Жалко только, что нет Лампиона. Его присутствие, даже если он молча полеживал на своих любимых камушках и не видно его было вовсе с Нининого, например, места, их — Нину и Софьюшку — все равно настораживало, заставляло держаться совсем не так, как если бы они были одни, — хотя не кинется он, не схватит, не дракон, на самом-то деле, но все равно было ощущение чего-то совсем другого, постороннего, расположившегося рядом, и это придавало их пребыванию в распаренной бухточке привкус риска.
Алла Константиновна в этих походах не участвовала, даже если была свободна. Прожив здесь — сколько же? — лет тридцать уже, она, кажется, ни разу не выбиралась на лоно природы, даже в такие популярные и заплеванные местечки, как Снежная долина, куда автобусы ходят через каждые полчаса. Не манила ее природа совершенно. Может, тогда, в сороковые годы, они и совершали с отцом какие-нибудь походы, тратили на них молодую энергию, тем более что возможностей для культурного досуга было тогда меньше, но теперь все это забылось, наверное.

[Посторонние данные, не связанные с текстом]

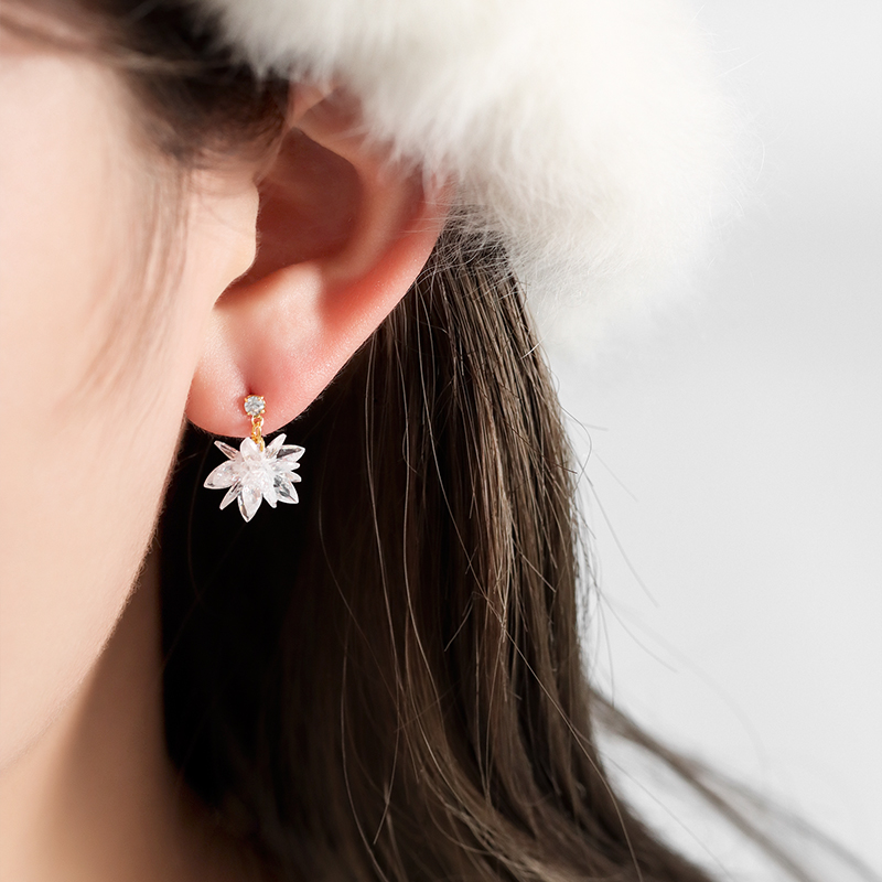 OSEWAYA耳钉立体白色雪花水晶冰花耳环女高级感无耳洞耳夹小香风

«Надо бы спросить, — лениво думала Нина, укладываясь с таким расчетом, чтобы солнце било в самое еще не загорелое место, хуже нет, когда из-под купальника белое тело выглядывает, — может, он спортсменом был? Может, этот самый бег мне по наследству достался?» Далее следовали приятные мысли о том, что она и на Балатоне самой белотелой не будет, а напротив, будет пожинать всякие ахи и охи, когда все узнают, что она, такая загорелая, с Севера — из самого Магадана.
После ухода Лампиона — а ведь даже могилы на кладбище не осталось, и урны, разумеется, не было (в Магадане вообще нет крематория), тело увезли на самолете в Москву, поэтому слово «уход» и выплыло, а не похороны и не смерть, — после того, как его не стало в Магадане, Алла Константиновна все, кажется, забросила, включая и домашнее хозяйство, к которому никогда особенно не тяготела, и к книжкам остыла. На углу стола, где она держала книги, которые в данный момент читала, недели две лежал Кафка с длинной кожаной закладкой, застрявшей среди первых страниц, потом Камю с такой же присохшей корочкой… Почему они, а не, скажем, Булгаков, по которому все сейчас сходят с ума, или тоже очень популярный Трифонов? Но и модернисты остались непрочитанными (или неперечитанными — были раньше эти книги в их доме) — не читалось мамочке.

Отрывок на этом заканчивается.